Institute for the Study of International Migration
- Founded: 1998
- Type: Research Institute
- Location: Washington, District of Columbia;
- Website: isim.georgetown.edu

= Institute for the Study of International Migration =

Private research institute in Washington, DC

Institute for the Study of International Migration is a private research institute located in Washington, DC. Founded in 1998 as part of Georgetown University's School of Foreign Service, it is associated with the Georgetown University Law Center. The Institute for the Study of International Migration (ISIM) is an innovative multidisciplinary center that studies the social, economic, environmental, and political dimensions of international migration.

ISIM focuses on all aspects of international migration, including the causes and responses to population movements, immigration and refugee law and policy, comparative migration studies, immigrant integration in host societies, and the effects of international migration on social, economic, demographic, foreign policy, and national security concerns. ISIM also studies internal displacement, especially the forced displacement of people moving for reasons that would make them political or environmental refugees if they crossed an international border.

==Funding==
The institute relies for funding on a multitude of government and independent grant-making agencies, including:
- United States Institute of Peace
- US Department of State
- US Department of Labor
- MacArthur Foundation
- German Marshall Fund of the United States
- World Bank Group
- Bill and Melinda Gates Foundation
- Rockefeller Foundation
- Sloan Foundation
- Carnegie Corporation of New York
- Polish National Science Centre (Harmonia)

==Academic work==
ISIM conducts research and convenes symposia and conferences on U.S. immigration and refugee law and policies. It also undertakes comparative analysis of international migration issues affecting other countries, and of forced migration and responses to humanitarian emergencies.

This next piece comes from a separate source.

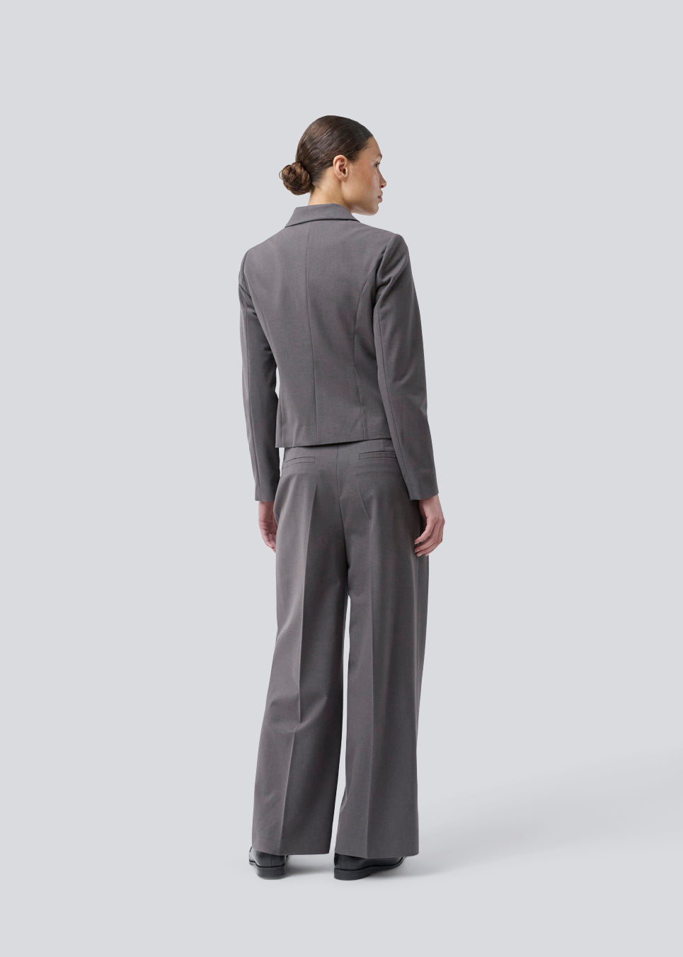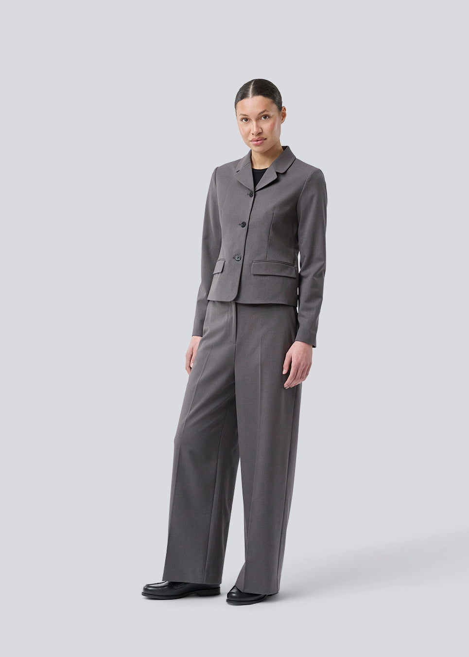 Grey short fitted blazer. Primrosemd blazer has a button closure and two front pockets. The model is 175 cm and wears a size s/36.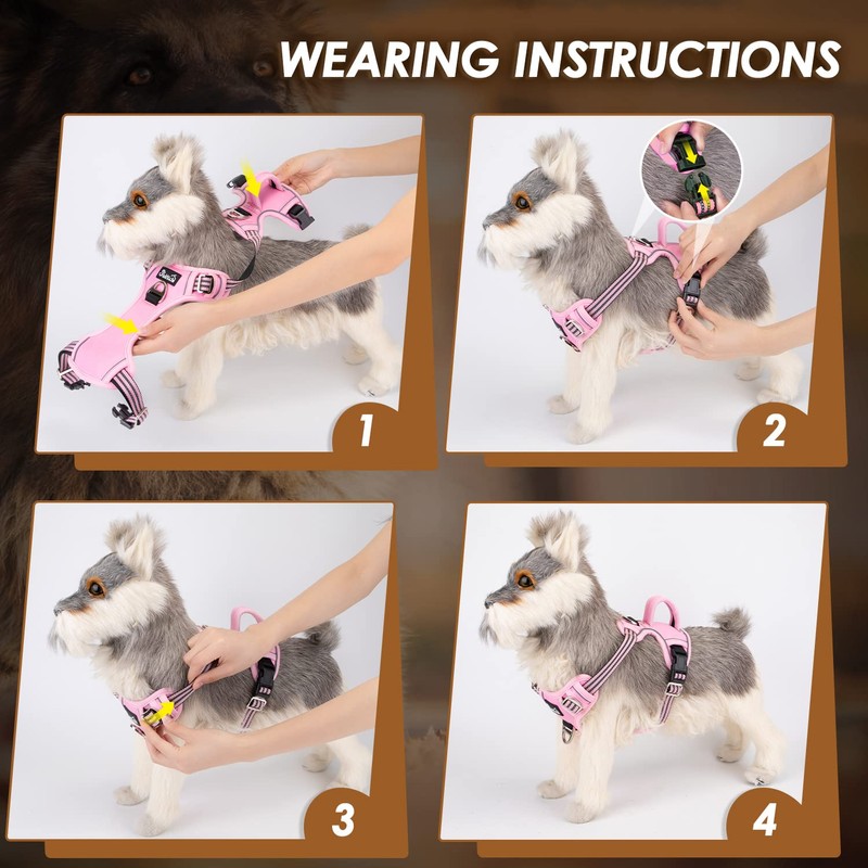 1.Our dog harness is simple designed and easy to wear. With four adjustable straps and two quick release buckles, it’s easy to put on and take off.

ISIM is committed to building the next generation of international migration experts. It offers a certificate program for School of Foreign Service Masters students who have career interests in international migration and humanitarian issues. The certificate program prepares students to work in international migrant organizations, and in government and private agencies specializing in emergency relief, human rights and humanitarian activities. ISIM also provides work opportunities for students who work with faculty on various research projects.

ISIM forms partnerships with researchers at other U.S. and foreign universities to foster exchange of research and to undertake cooperative projects. It has an established Visiting Scholars program for academics and graduate students pursuing research on migration and refugee issues.

==Certificates offered==
===Graduate Certificate in Refugees and Humanitarian Emergencies===

For more than 20 years, ISIM has offered a Certificate in Refugee and Humanitarian Emergencies for students who wish to pursue careers in the humanitarian sector, or who seek to understand refugees and the impacts of humanitarian crises on countries around the world. Students who completed the Certificate are currently working with the United Nations, non-governmental organizations, governmental aid agencies (such as USAID), and many other organizations. Other students have used this expertise and pursued careers in law, diplomacy, economic development, academia, and the private sector. The Certificate formally acknowledges that recipients have acquired a solid foundation in humanitarian principles, refugee and migration issues, international humanitarian and refugee law, the principles of disaster risk reduction and response, and current challenges facing humanitarian actors.

===School of Continuing Studies Certificate in International Migration Studies===

ISIM is the academic unit of record for the Certificate in International Migration Studies; the logistics are administered by the Georgetown University School of Continuing Studies. This interdisciplinary program is designed for policy and advocacy professionals with an interest in the social, cultural, economic, and legal ramifications of the movement of peoples between nations.